_Activity_
Go to the line holding "Pantalone a palazzo, vita" in the data below and repeat it exactly, then each line after it up to and including the one holding "積極參與云南怒江、西藏林芝、". Omit pictures.

_Data shown_
=== Begin Enclosure ===

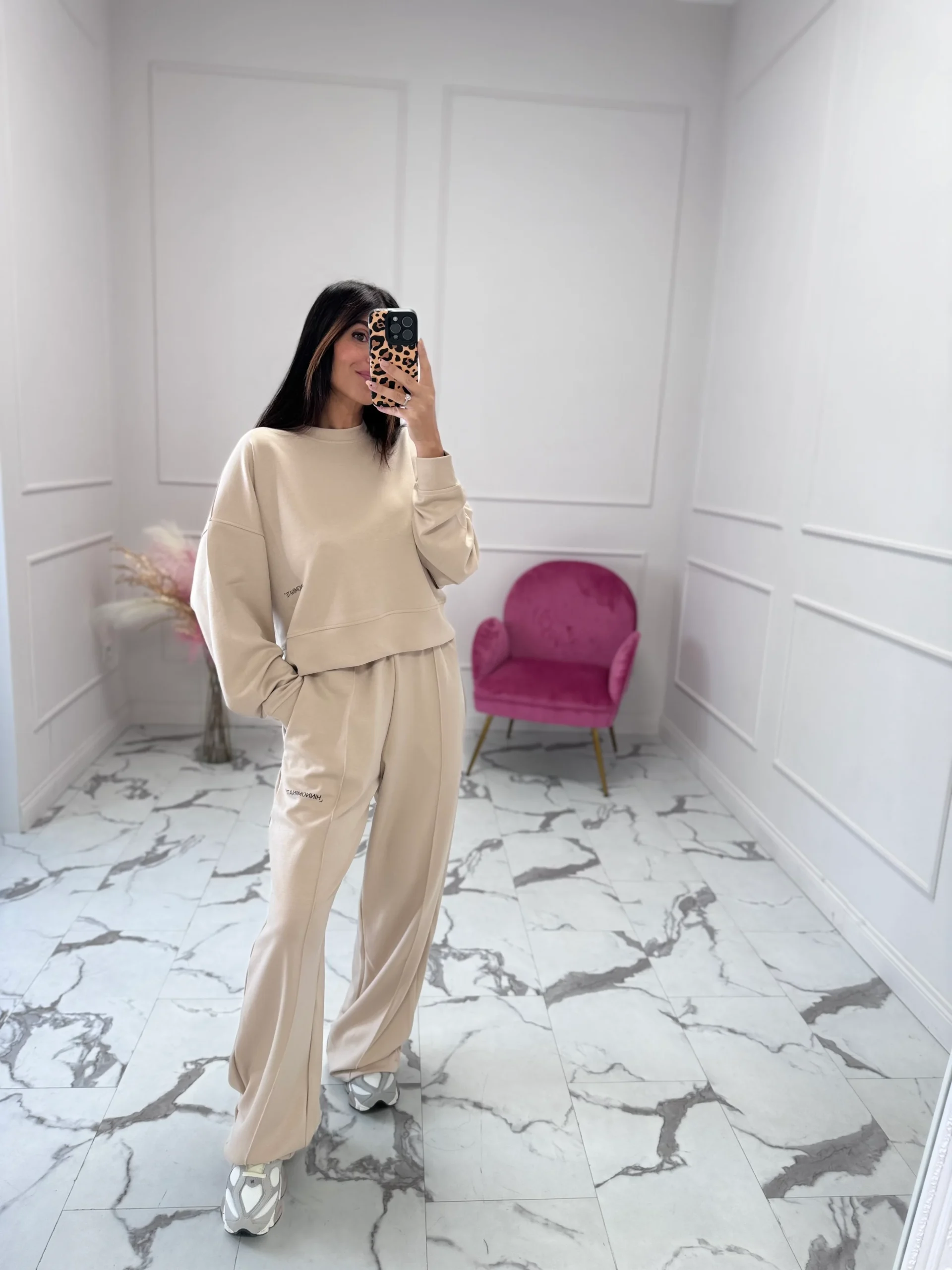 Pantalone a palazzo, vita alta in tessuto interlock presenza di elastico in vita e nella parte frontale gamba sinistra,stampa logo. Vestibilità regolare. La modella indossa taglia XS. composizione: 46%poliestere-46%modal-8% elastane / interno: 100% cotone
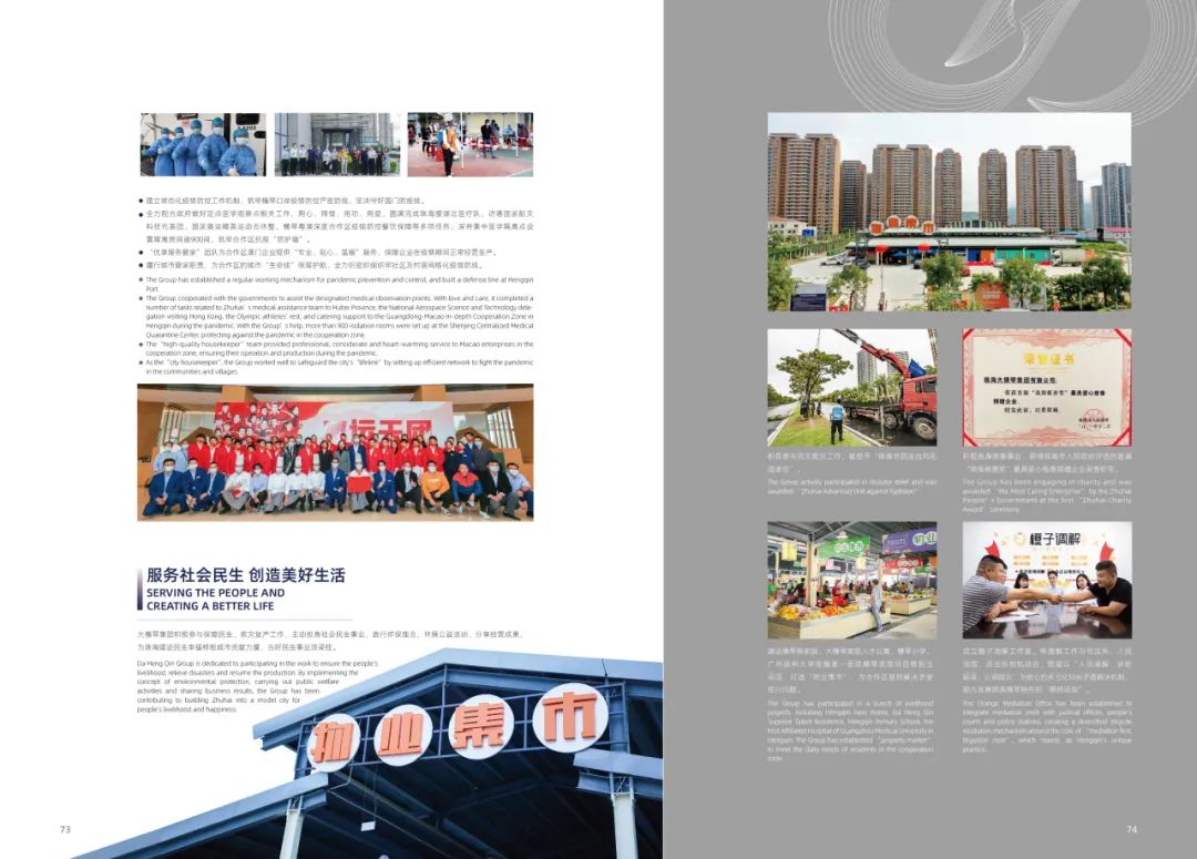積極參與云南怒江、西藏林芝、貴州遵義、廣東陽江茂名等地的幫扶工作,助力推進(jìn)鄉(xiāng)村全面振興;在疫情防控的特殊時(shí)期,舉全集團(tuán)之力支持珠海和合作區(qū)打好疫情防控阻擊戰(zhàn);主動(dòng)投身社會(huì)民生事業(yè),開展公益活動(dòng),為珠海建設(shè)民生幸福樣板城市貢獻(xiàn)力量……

=== End Enclosure ===
=== Begin Enclosure ===

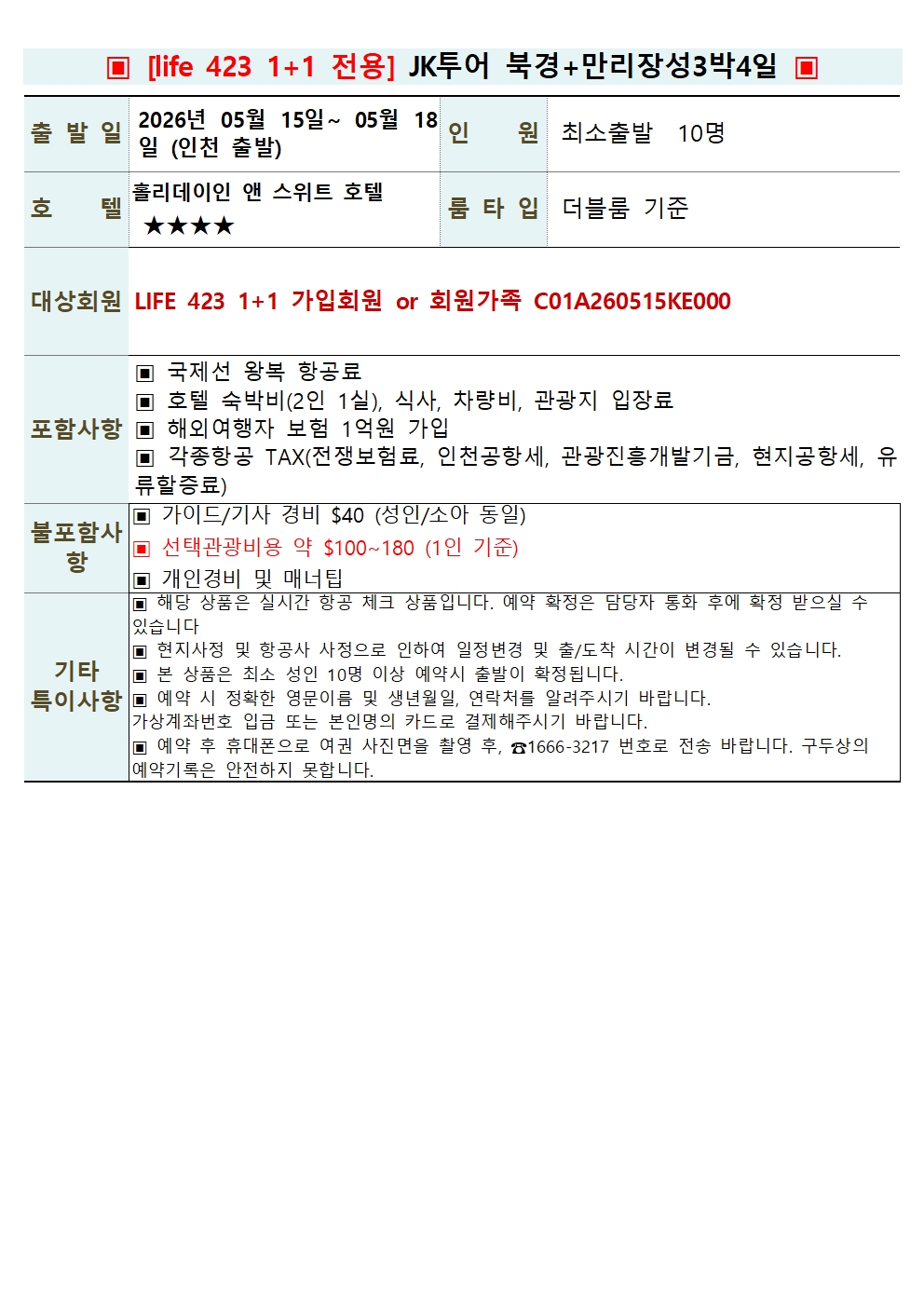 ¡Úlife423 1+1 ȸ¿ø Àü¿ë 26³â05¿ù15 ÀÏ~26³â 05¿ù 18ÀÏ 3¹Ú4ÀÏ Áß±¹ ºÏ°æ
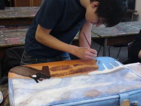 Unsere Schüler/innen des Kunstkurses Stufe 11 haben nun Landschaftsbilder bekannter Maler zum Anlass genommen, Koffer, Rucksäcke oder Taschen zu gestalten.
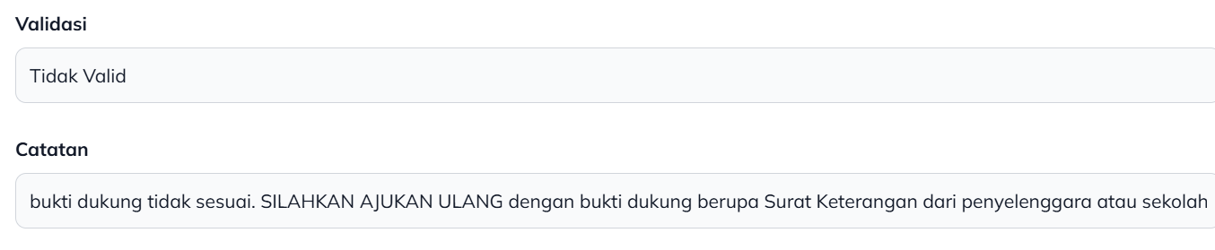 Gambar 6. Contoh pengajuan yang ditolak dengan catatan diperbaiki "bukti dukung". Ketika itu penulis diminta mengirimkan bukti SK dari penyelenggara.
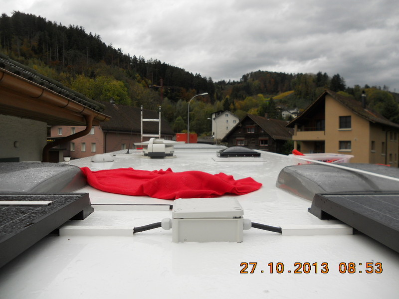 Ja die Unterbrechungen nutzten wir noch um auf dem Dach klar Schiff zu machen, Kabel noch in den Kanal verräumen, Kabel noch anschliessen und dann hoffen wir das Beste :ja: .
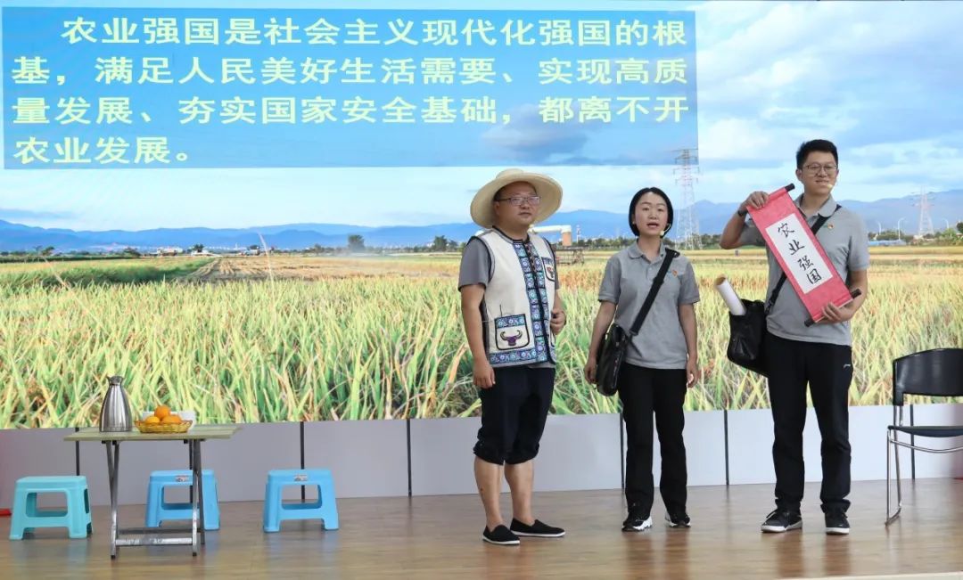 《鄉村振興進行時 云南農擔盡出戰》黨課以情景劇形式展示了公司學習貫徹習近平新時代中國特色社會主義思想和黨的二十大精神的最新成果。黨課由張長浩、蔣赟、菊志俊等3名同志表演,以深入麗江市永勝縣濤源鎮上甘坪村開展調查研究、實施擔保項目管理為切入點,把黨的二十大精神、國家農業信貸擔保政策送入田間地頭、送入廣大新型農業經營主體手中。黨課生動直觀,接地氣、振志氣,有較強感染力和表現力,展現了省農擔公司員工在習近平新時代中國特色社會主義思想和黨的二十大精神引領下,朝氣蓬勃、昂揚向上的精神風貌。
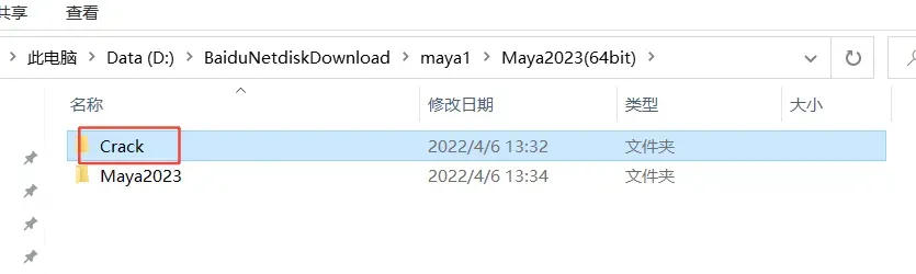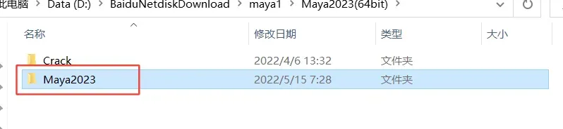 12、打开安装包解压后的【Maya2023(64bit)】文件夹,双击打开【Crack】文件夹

=== End Enclosure ===

_Expected answer_
 Pantalone a palazzo, vita alta in tessuto interlock presenza di elastico in vita e nella parte frontale gamba sinistra,stampa logo. Vestibilità regolare. La modella indossa taglia XS. composizione: 46%poliestere-46%modal-8% elastane / interno: 100% cotone
積極參與云南怒江、西藏林芝、貴州遵義、廣東陽江茂名等地的幫扶工作,助力推進(jìn)鄉(xiāng)村全面振興;在疫情防控的特殊時(shí)期,舉全集團(tuán)之力支持珠海和合作區(qū)打好疫情防控阻擊戰(zhàn);主動(dòng)投身社會(huì)民生事業(yè),開展公益活動(dòng),為珠海建設(shè)民生幸福樣板城市貢獻(xiàn)力量……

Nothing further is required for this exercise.